- John Hunter House
- U.S. National Register of Historic Places
- Location: Old TN 96 at Carl Rd., Franklin, Tennessee
- Coordinates: 35°52′48″N 86°58′33″W﻿ / ﻿35.88000°N 86.97583°W
- Area: 2.8 acres (1.1 ha)
- Built: c. 1875, c. 1890 and c. 1910
- Architectural style: Italianate
- MPS: Williamson County MRA
- NRHP reference No.: 88000319
- Added to NRHP: April 13, 1988

= John Hunter House (Franklin, Tennessee) =

Historic house in Tennessee, United States

The John Hunter House, also known as McCullough House, near Franklin, Tennessee is an Italianate style house that was built in 1875. It was listed on the National Register of Historic Places (NRHP) in 1988.

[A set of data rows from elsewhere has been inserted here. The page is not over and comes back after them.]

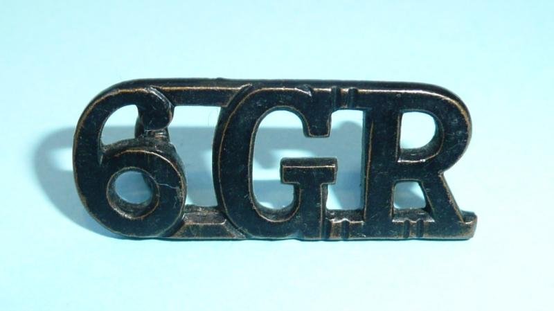 A blackened brass '6GR' shoulder title for the 6th Gurkha Rifles. In good condition complete with original lugs (slight bending). Circa 30mm wide and 12mm tall.Worn by all ranks from 1948 - 1994.Gurkha Museum Publication No 6GR F18 refers.Comm EdBr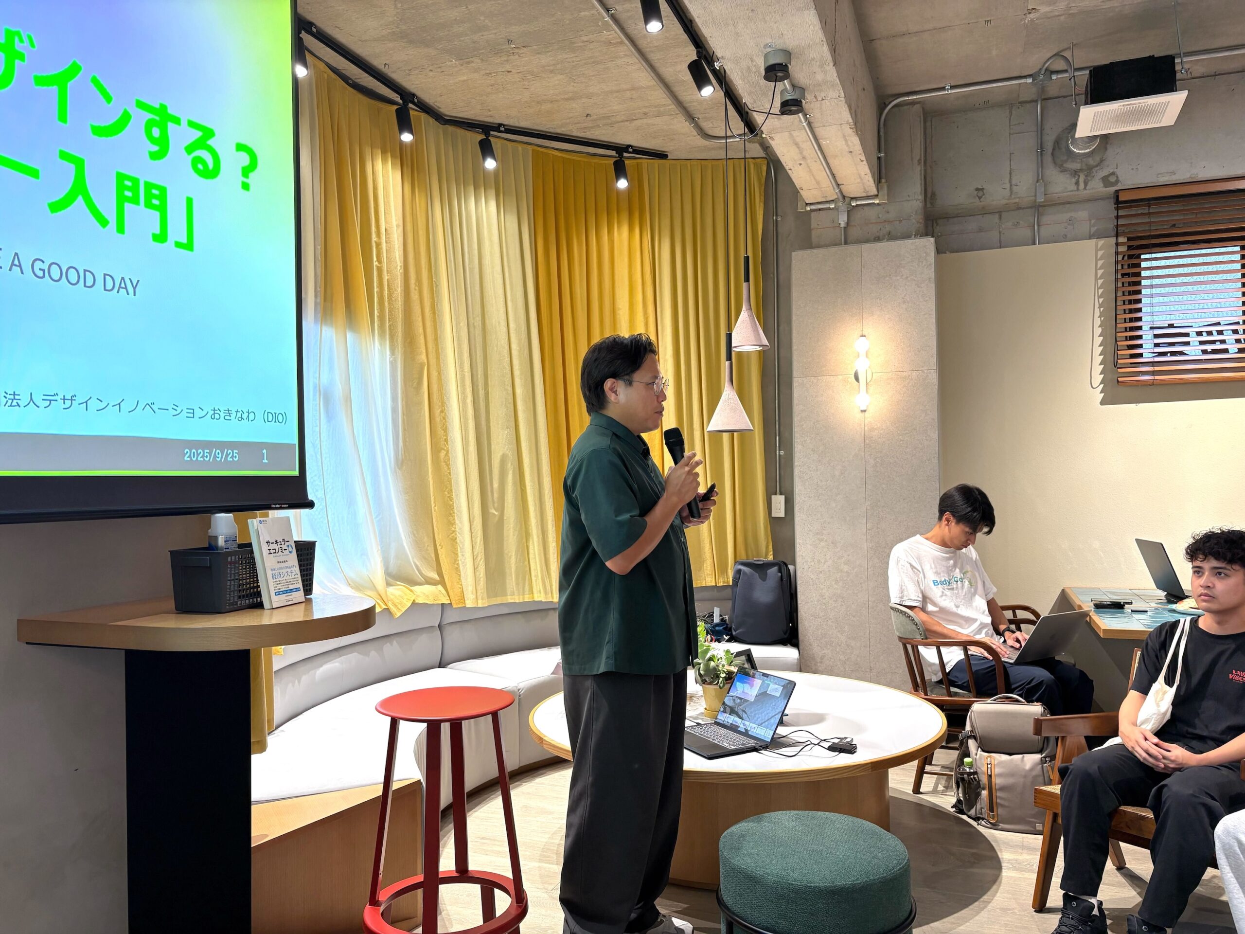 2025年9月25日、那覇市・東町のリノベーションビル「HAVE A GOOD DAY」(※)にて、サーキュラーエコノミーをテーマにした勉強会「【デザインイノベーションおきなわ × eiicon × HAVE A GOOD DAY】循環する地域をどうデザインする?サーキュラーエコノミー入門」を開催しました。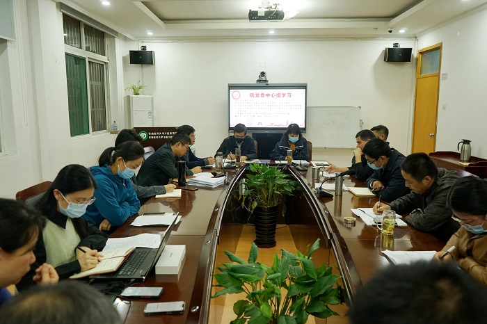 10月26日下午,色情网站 党委理论学习中心组召开会议,专题学习领会党的二十大精神和习近平总书记重要讲话精神。院党委书记王润玲主持,院长何家才及其他院领导参加会议。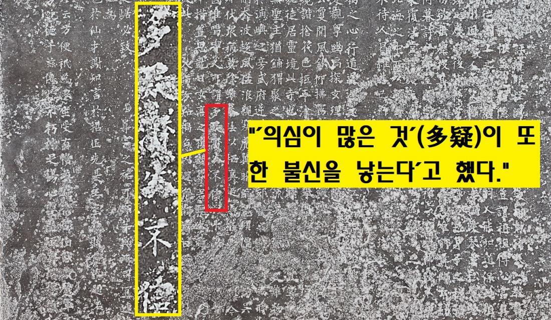 선각대시비문은 “궁예가 의심이 많은 것이 또한 불신을 낳는다고 할 만했다(多疑亦生不信)”고 기록했다. ‘의심이 또다른 불신을 낳았다’는 것은 대사를 향한 의심이 이어졌음을 암시한다. |하일식 교수 판독
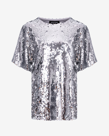 Tricoul din paiete argintii emana energie indrazneata si glamour fara efort. Cu o croiala oversize si umeri structurati, piesa aduce un vibe modern de petrecere, cu influente retro de power dressing. Complet acoperit cu paiete care capteaza lumina, poate fi purtat ca rochie sau ca tricou statement – ideal pentru a straluci si a atrage toate privirile.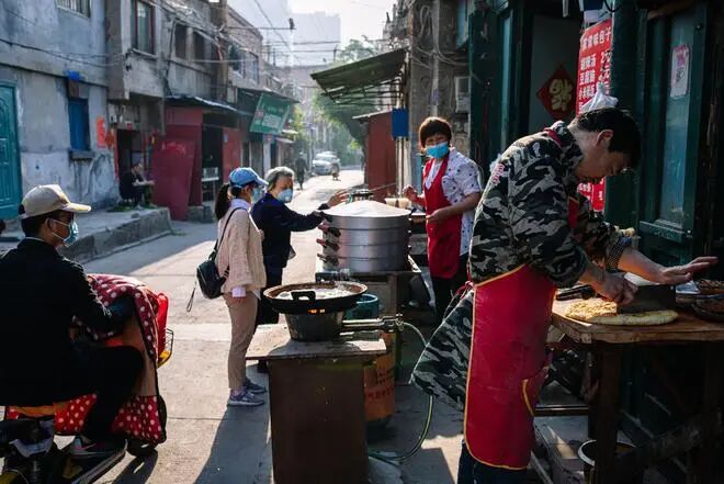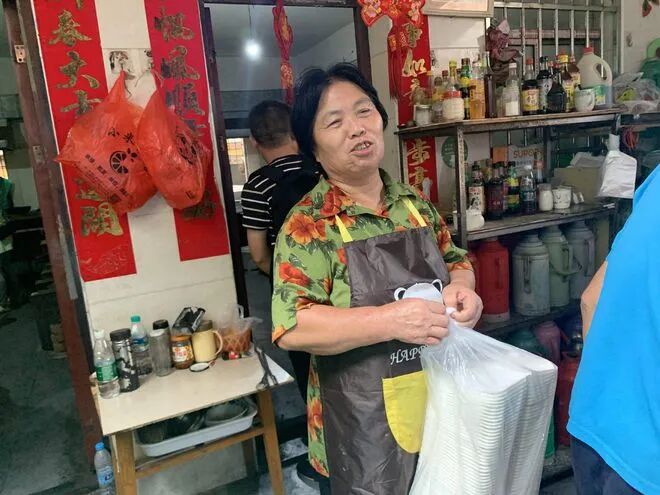 当天也是如此,眼看着铺子前面渐渐变得冷清,老万拿来了还没卖完的早餐,和妻子一起分着吃了。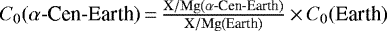 , where C0 represents the mantle concentration of an individual radionuclide upon the planet formation; X/Mg (α-Cen-Earth) refers to Col. 2 in panel 2 of this table (40K is excluded from this calculation); X/Mg (Earth) refers to Table A.1 (for normalisation purposes, the Mg concentration was kept unchanged over geological time). (f) See text. Ct = C0 × e−t ln 2∕T1∕2, where t represents the system age (the current age of α Cen AB is 6 ± 1 Ga as of M18); T1∕2 are the half-lives of these radionuclides (232Th – 14.0 Ga; 235U – 0.704 Ga; 238U – 4.47 Ga; 40K – 1.25 Ga; Turcotte & Schubert 2002). (g)See text. Concentration of 40K upon planet formation,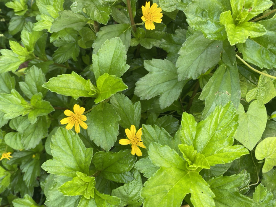 - "The image displays a close-up, high-angle view of dense, interwoven green foliage featuring multiple small, bright yellow, daisy-like flowers" by FM-rkm0j2, licensed under CC BY 4.0

The NRHP eligibility of this property and others was covered in a 1988 study of Williamson County historical resources. The house was one of relatively few fine brick residences built in Williamson County, Tennessee, besides in Franklin, that were built from 1865 to 1937. Another one, also in Italianate style, is the Andrew Vaughn House, also NRHP-listed. Both "feature arched fenestration and ornate eaves" and had had few changes since, as of the 1988 study.

The house was built or has other significance in c. 1875, c. 1890, and c. 1910.

The NRHP listing was for an area of 2.8 acre with just one contributing building.